暁闇

 車は鬱蒼とした山間の道路を走っていく。

 カーブのあまりないストレスの少なさそうな道だったので、私は思い切って運転するダミアヌスに声をかけた。


「いくつか、聞いてもいですか?」


 私の声に、すこしだけこちらへ目を向けたダミアヌスが微笑んだ。

 水っぽい服装なのに、浮かべられた笑顔にはそういった気配がなかった。

 もしかすると、この人は案外と純朴な人間なのかもしれない。


「どうぞ。いくつでも。ああ、まずこの名前は本名ではありません。よく聞かれるのではじめに言っておきます。井原さんはお客様ですから、ダミアヌスと気軽に呼んでください」

「あ、はい。
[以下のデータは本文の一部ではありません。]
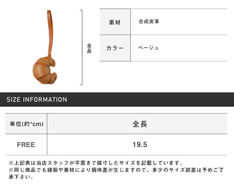 『PUレザークロワッサンチャーム パンモチーフ クロワッサン 合皮 バッグチャーム』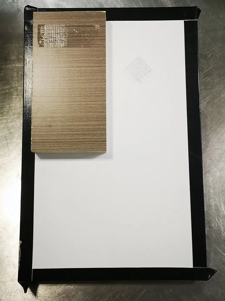 樣板10cm *15cm噴涂兩道110g/㎡,漆膜完全干燥后堆迭,放一個重壓槌(≒706g)在50℃下烘烤4hrs,取出冷卻分離,不可傷及漆膜。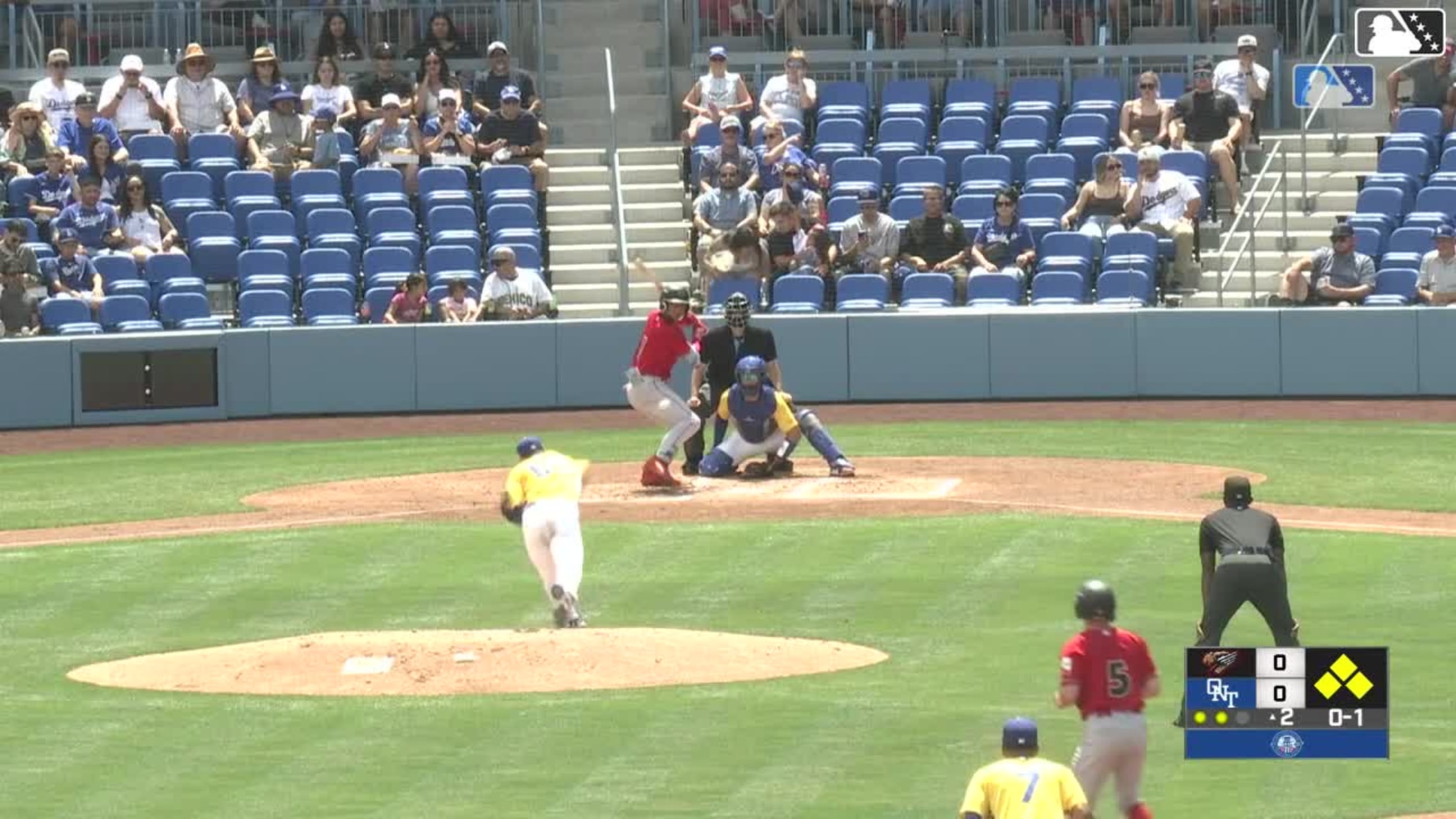 Derek Bernard singles on a sharp line drive to center fielder Jaron Elkins. Cameron Nelson scores. Roldy Brito to 2nd.

でも呼び捨てはちょっと抵抗があるので、さんをつけてもいいですか?」

「勿論。お客様がそう望むなら」

「ありがとうございます。……あなたが、フォンファと連絡を取ってくれていたんですね……」

「ええ。フォンファと俺は同じ『なんでも屋』。同業者ですからね」


 フォンファ。

 名前を聞いたら、ちくりと胸が痛んだ。

 あの爆音と風圧。囮になると笑ったフォンファ。

 きっと彼女ももういない。

 私はまた一人、誰かの命を消した。

 これから、私一人が生き残るためにはどれくらいの屍の山ができるんだろう。

 そして私はその山を登り、死臭の頂点に立つ。

 そこから見える景色はどんなもの? 少なくとも、今までと同じような色ではないのは確かだ。
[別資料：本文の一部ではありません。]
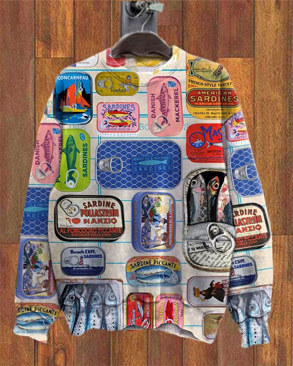 Unisex Vintage Sardines Fish Can Loose Sweatshirt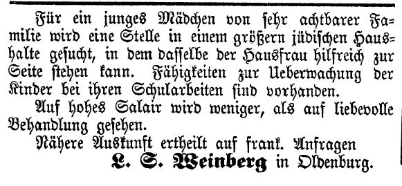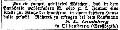 1870: "Oldenburg. Ein gewandtes junges Mädchen für

 そんなの平気だと思っていたけれど……私はそこまで強くなかったようだ。

 ずくりと、胸を刺すものが痛い。

 考え込む私の表情を見かねたのか、慰めるようにダミアヌスが口を開く。


「フォンファのことは……残念でした。暁財団を相手にするのならば、すぐに俺に鳩を飛ばせば良かったんです。フォンファの仕事はどちらかというと同胞向けでしたからね」

「フォンファが、ダミアヌスさんなら暁財団をあしらうのに慣れていると……」

「はい。俺はあいつらとずっと殺りあってきました。いつかは全員を殺すつもりです。俺の本業は別にあるので、そのための資金を『なんでも屋』で稼いでるようなものですよ」

「そう……」


 私の口から出るのは空返事。

 とにかくなにもかもが処理できなかった。

 これまで生きてきた時間より、今日という一日の方がずっと短いはずなのに、私にはそれが永遠に思えた。


「どうしました?」

「……もうね、なにを聞いたらいいかわからないの。どうして私が、とか暁財団がどうしてこんなこと、とか、フォンファのこととか、頭がいっぱいで……!」

「無理もないです」


 片手で器用にハンドルを操りながら、ダミアヌスが私の頭をぽんぽんと叩いてくれる。


「あなたがなにをしたわけでもない。あなたが悪いわけでもない。あなたはただ偶然に不幸の雨粒に当たってしまっただけなんです。……フォンファのことは仲間内できちんと弔います。心配しないで」

「はい……」


 いつの間にか、雨が降り出していた。涙雨だ。

 規則正しいワイパーの音、時折光る街灯。そこに照らし出されるダミアヌスの横顔。


「あ、太い道を通っても平気なんですか?フォンファが駄目だって」

「Nシステム対策に、車金融のカタの車をニコイチにしてあります。ナンバーも偽造品ですから、調べても俺ではない誰かにたどり着くので大丈夫です」

「そう……」


 また、わからない単語。それを察してくれたのか、ダミアヌスが説明を始める。


「ニコイチと言うのは、二台の車をばらして一台にしたものです。二個で一個だからニコイチ。日本語と言うのは面白いですね」


 不思議な言い回しだと思った。

 どう見ても日本人の男の口から「日本語と言うのは面白いですね」なんて言葉が出てくるのが。


「質問がし辛いなら、暁財団のことや、なぜあなたがこうなったかを俺から少しお話ししましょうか?」


 ダミアヌスが穏やかな声音で聞く。

 私は何度も頭を縦に振った。

 どうせ私の質問なんて、ダミアヌスからしたら初歩の初歩だろう。

 なら、彼の口から系統だって語られた方がいい。